-- WHAT TO WORK ON --
Leave the pictures in the listing below aside and reproduce exactly the lines starting with the one with "面膜机构上有一串数字,对应着" and going on through the one with "Composite front door", both ends included.

-- SUPPLIED MATERIAL --
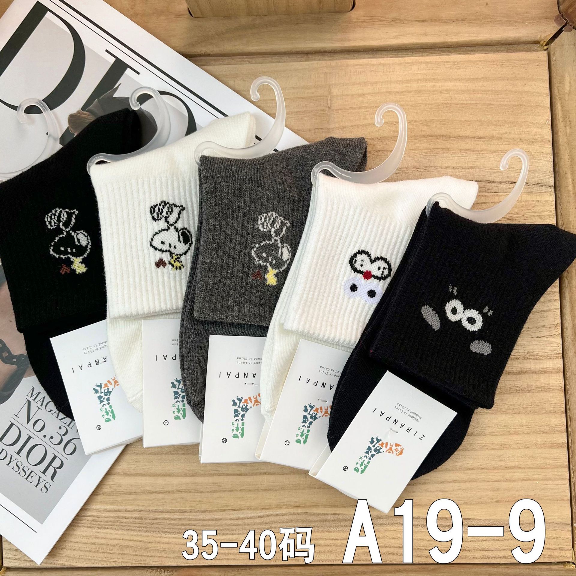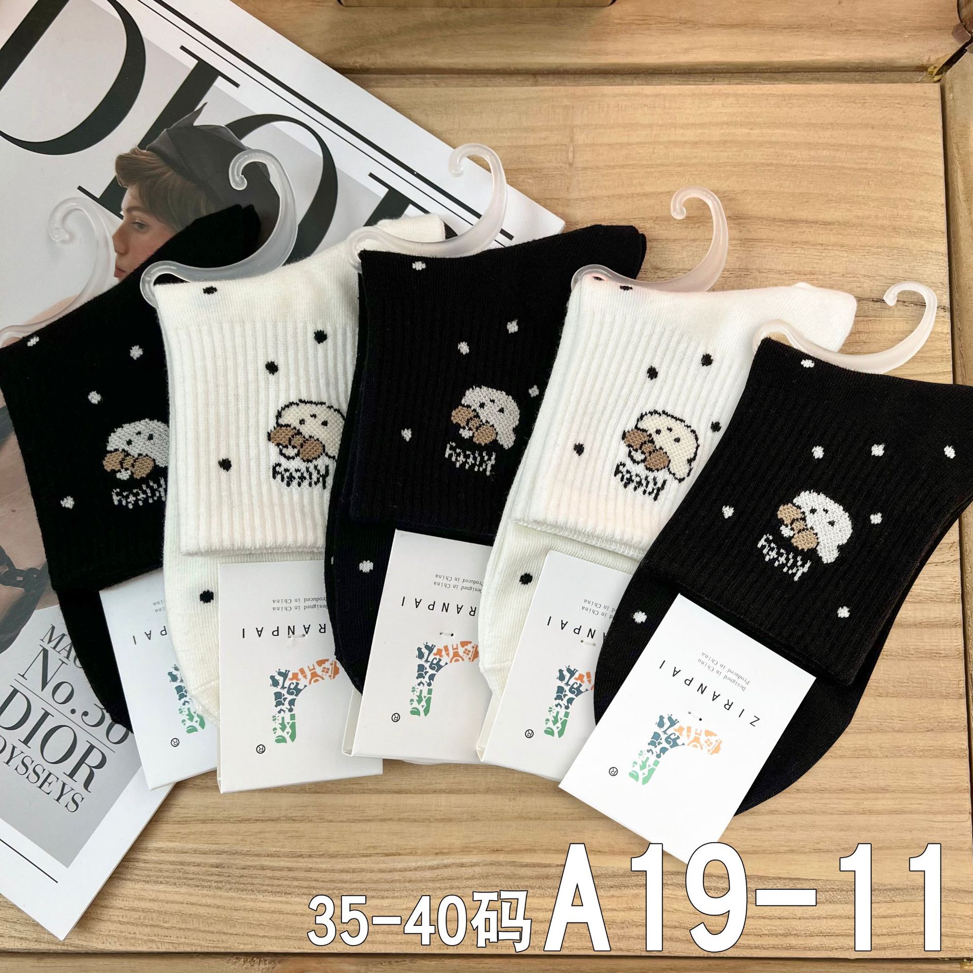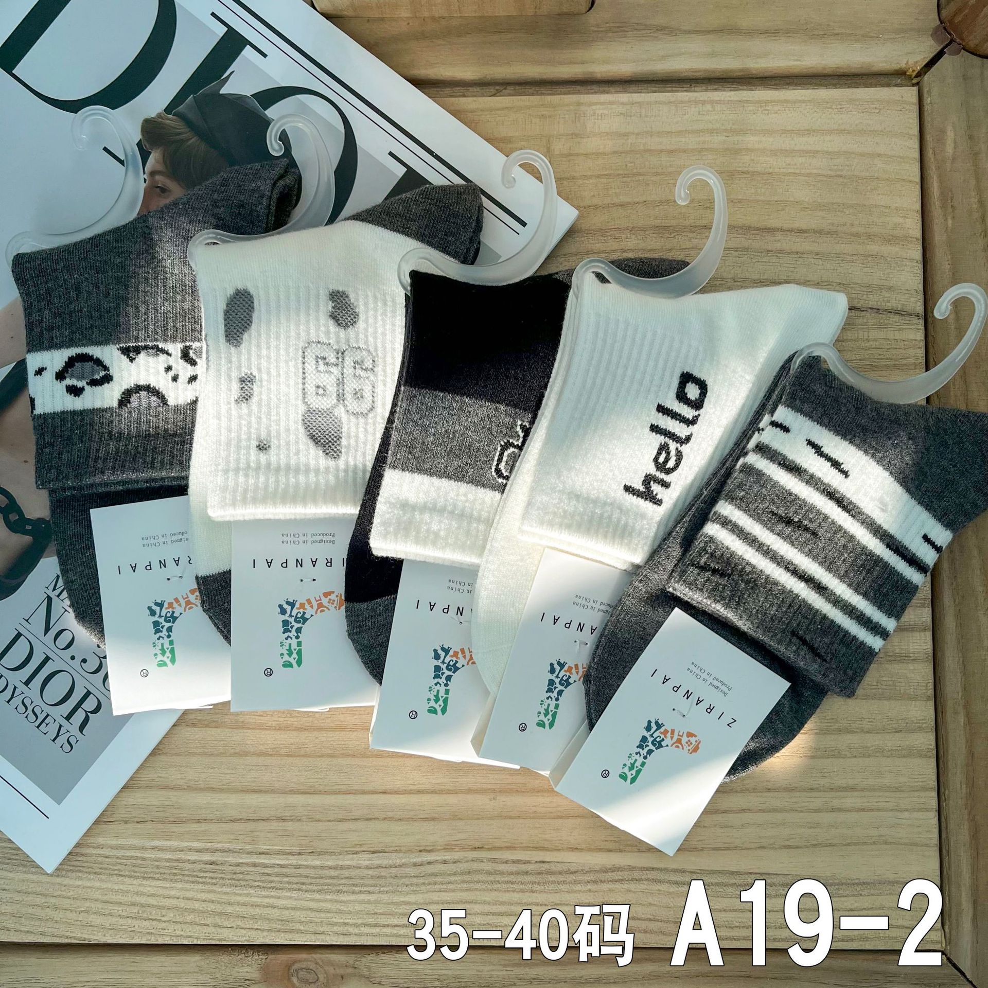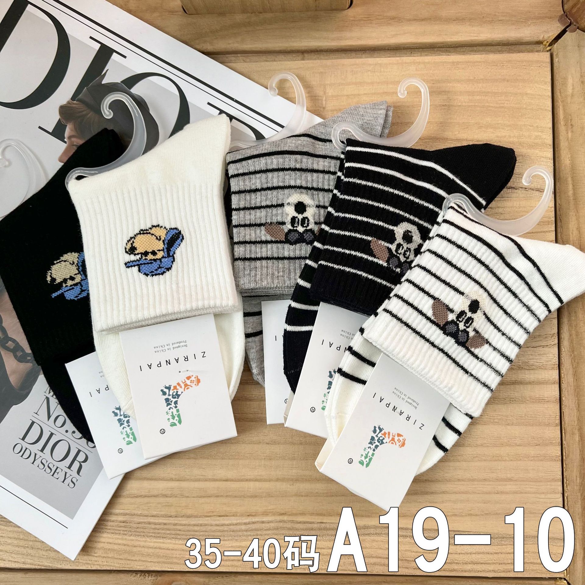 • A19-17 여성용 중간 길이 흰색 양말, 검정색 얇은 줄무늬
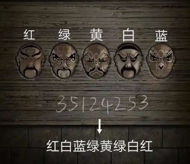 面膜机构上有一串数字,对应着脸妆的颜色,分别是红、白、蓝、绿、黄、绿、白、红。按此顺序按对应颜色的脸妆。从左到右,它们是红、绿、黄、白、蓝。
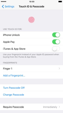 If you turn on the function, you can use your fingerprint to authorise Apple Pay purchases.
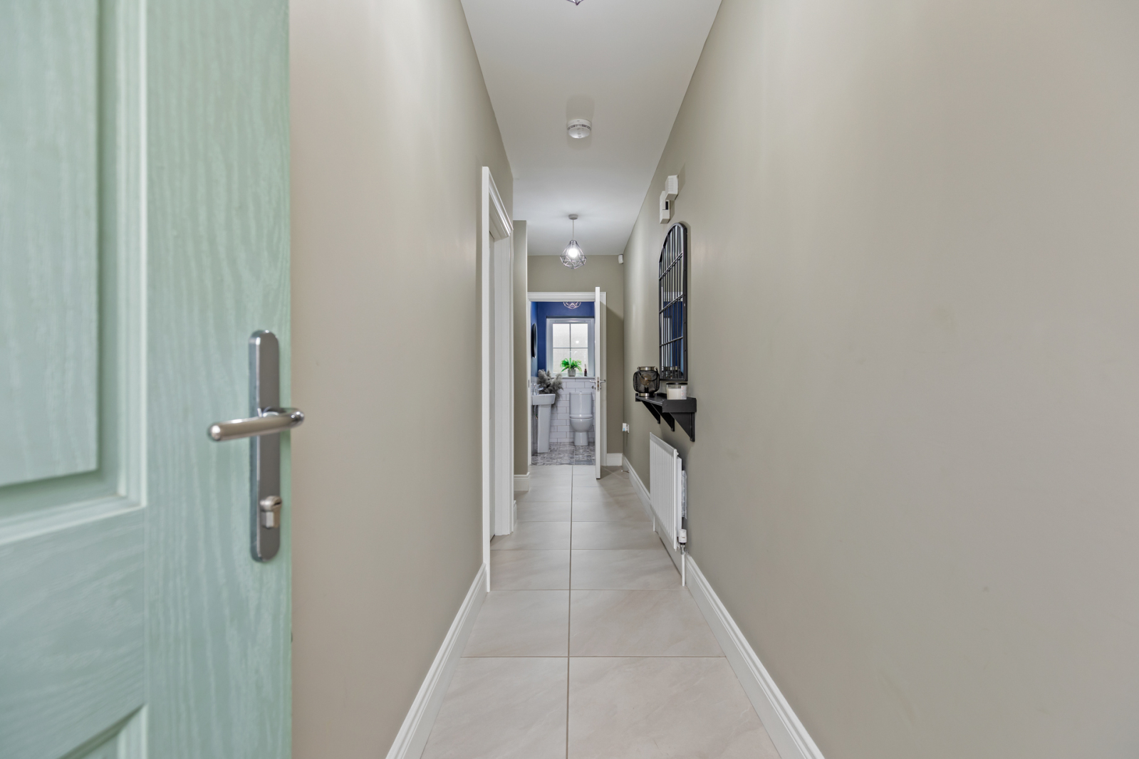 Composite front door with glass inset, leading through to reception hall.
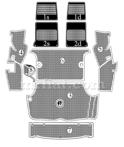 Right wheelhouse rubber mat #5 for Alfa Romeo GT Junior 1300, GTA, GT, 1600, 1750 and 2000 models from 1965 - 76. There is a 2-3 week production time for this item. Made in Italy. Original Equipment Manufactured Part. Part number: 10056-005
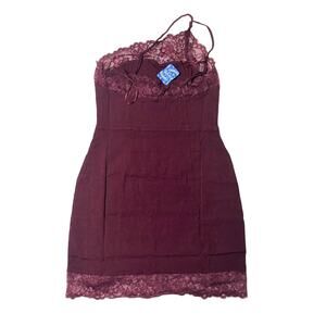 NEW Free People Premonitions Bodycon Mini Dress Size M Plum Purple Lace
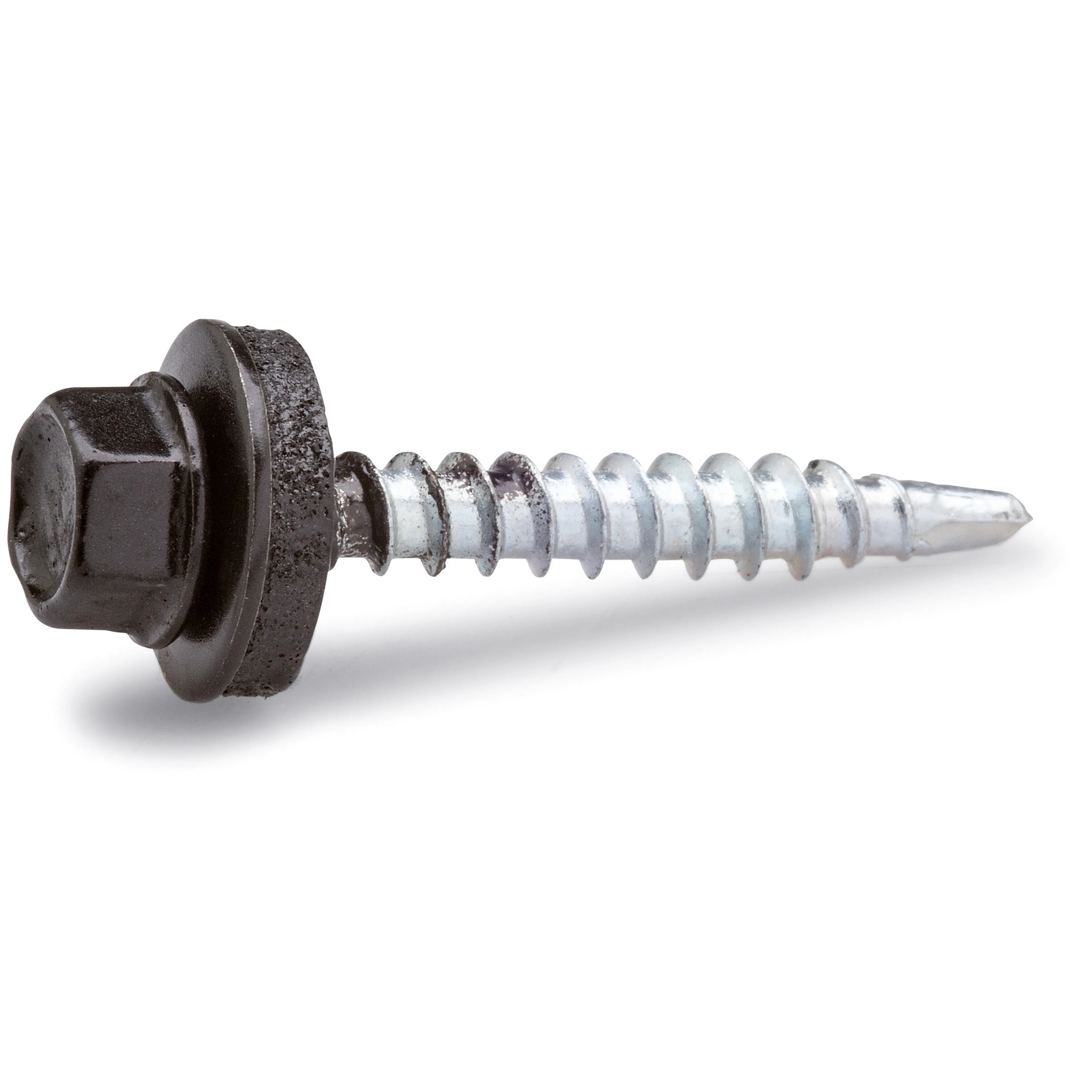 Farmarskruv FAST FZB är en borrande och gängpressande skruv för utvändig infästning av byggplåt, lackerad i samma färg som byggplåten. Sexkantskalle med fläns. Ledad bricka med tätning av EPDM-gummi. För träregel. Ytbehandling: Elförzinkad, lackerad. Burk. Nyckelvidd: 8 mm.
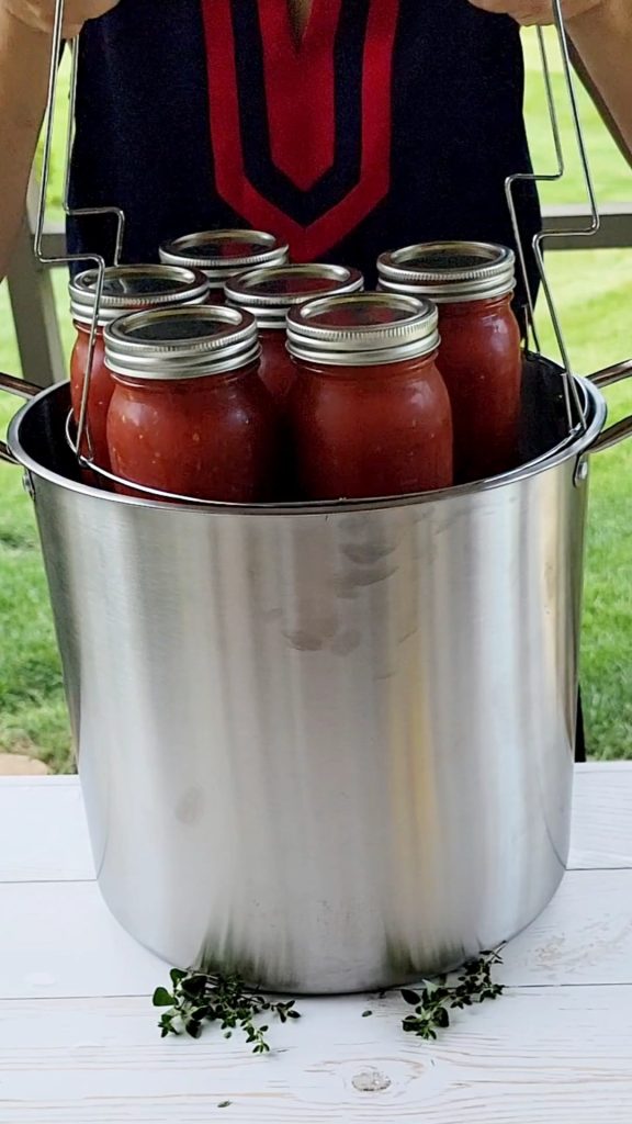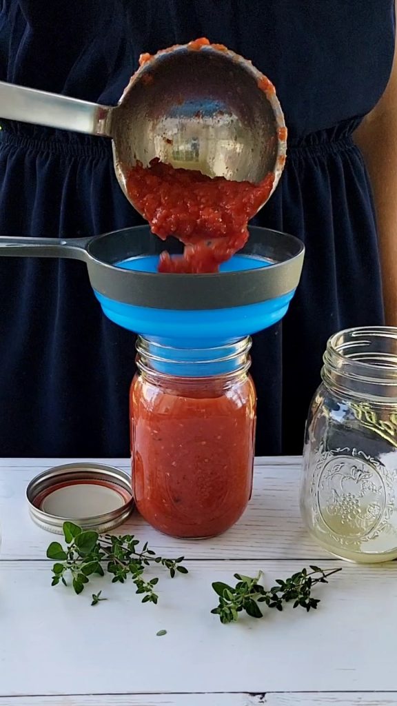 If you are canning, you need to add 1 tablespoon lemon juice for a pint jar. This helps with the preservation of the tomato sauce. It lowers the pH of the tomato sauce enough to allow for safe water bath canning. You may add a teaspoon of sugar at this step too, if desired, to offset the acidity of the lemon juice.

-- WRITTEN ANSWER --
 面膜机构上有一串数字,对应着脸妆的颜色,分别是红、白、蓝、绿、黄、绿、白、红。按此顺序按对应颜色的脸妆。从左到右,它们是红、绿、黄、白、蓝。
 If you turn on the function, you can use your fingerprint to authorise Apple Pay purchases.
 Composite front door with glass inset, leading through to reception hall.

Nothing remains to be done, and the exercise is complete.